What needs to be done
Below is a listing; transcribe it exactly but without any images.

Supplied data
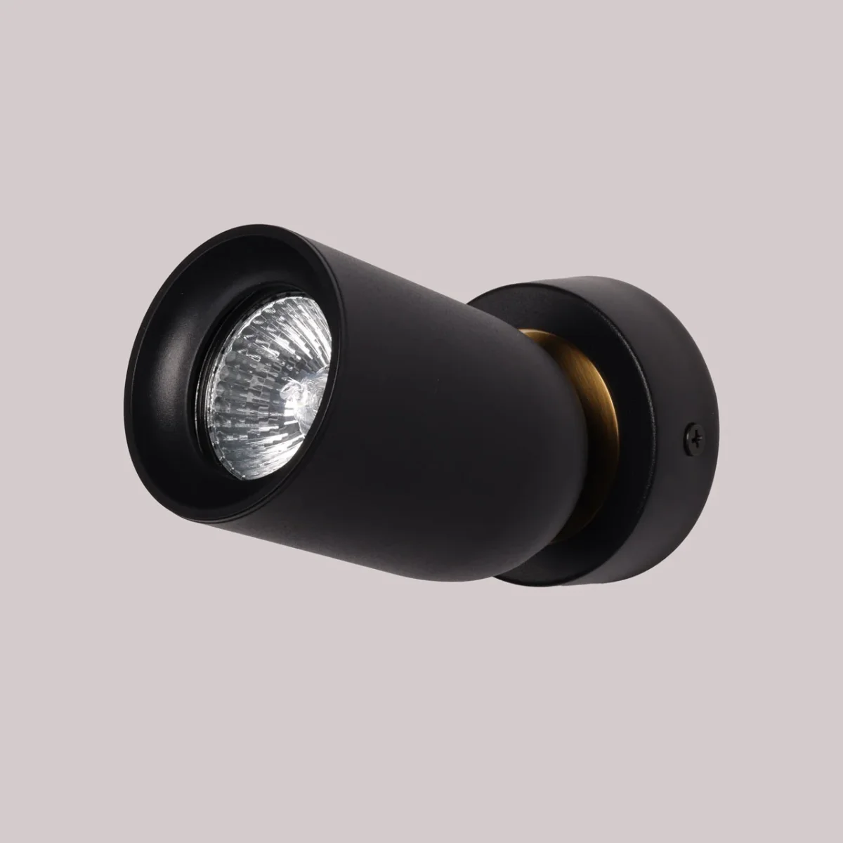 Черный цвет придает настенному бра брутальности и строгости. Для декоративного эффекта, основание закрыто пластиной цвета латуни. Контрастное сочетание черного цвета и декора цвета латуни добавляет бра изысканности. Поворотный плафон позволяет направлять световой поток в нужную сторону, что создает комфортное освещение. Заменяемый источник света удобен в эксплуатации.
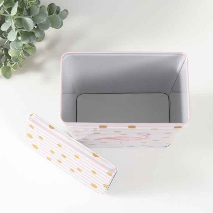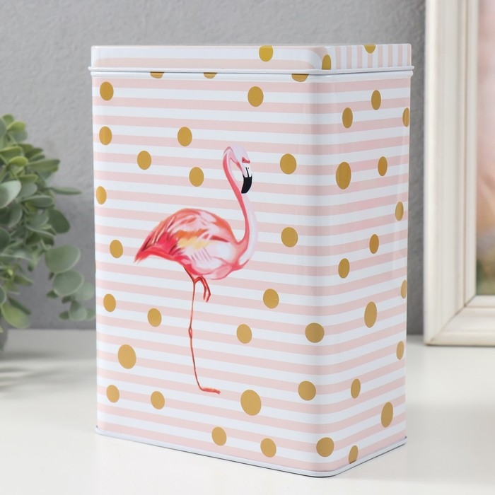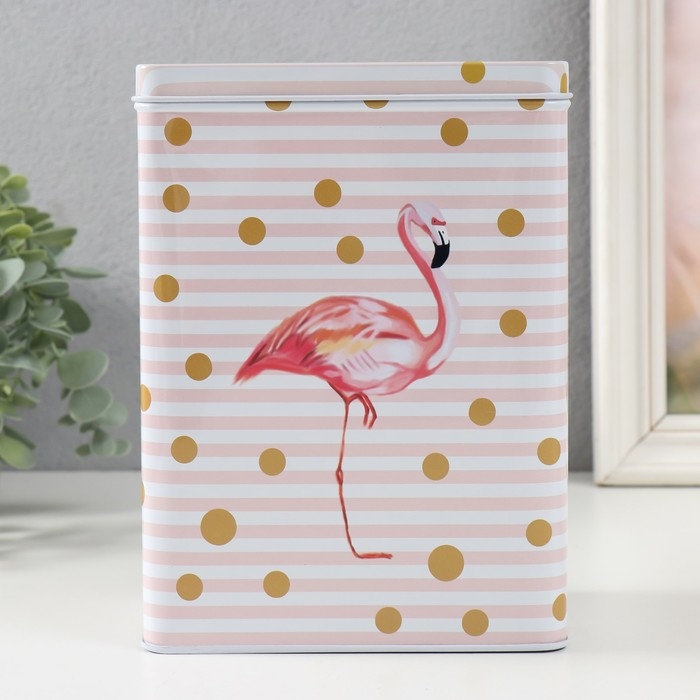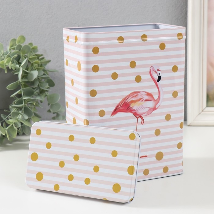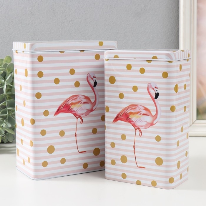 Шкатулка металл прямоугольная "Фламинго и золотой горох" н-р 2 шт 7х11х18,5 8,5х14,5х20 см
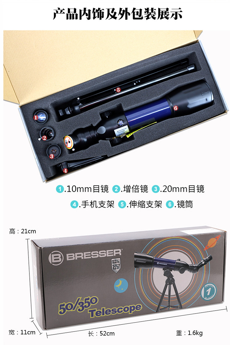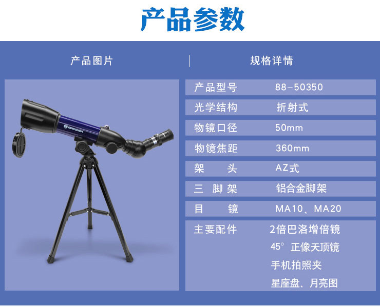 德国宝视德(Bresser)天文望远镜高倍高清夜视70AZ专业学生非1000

Written solution
 Черный цвет придает настенному бра брутальности и строгости. Для декоративного эффекта, основание закрыто пластиной цвета латуни. Контрастное сочетание черного цвета и декора цвета латуни добавляет бра изысканности. Поворотный плафон позволяет направлять световой поток в нужную сторону, что создает комфортное освещение. Заменяемый источник света удобен в эксплуатации.
 Шкатулка металл прямоугольная "Фламинго и золотой горох" н-р 2 шт 7х11х18,5 8,5х14,5х20 см
 德国宝视德(Bresser)天文望远镜高倍高清夜视70AZ专业学生非1000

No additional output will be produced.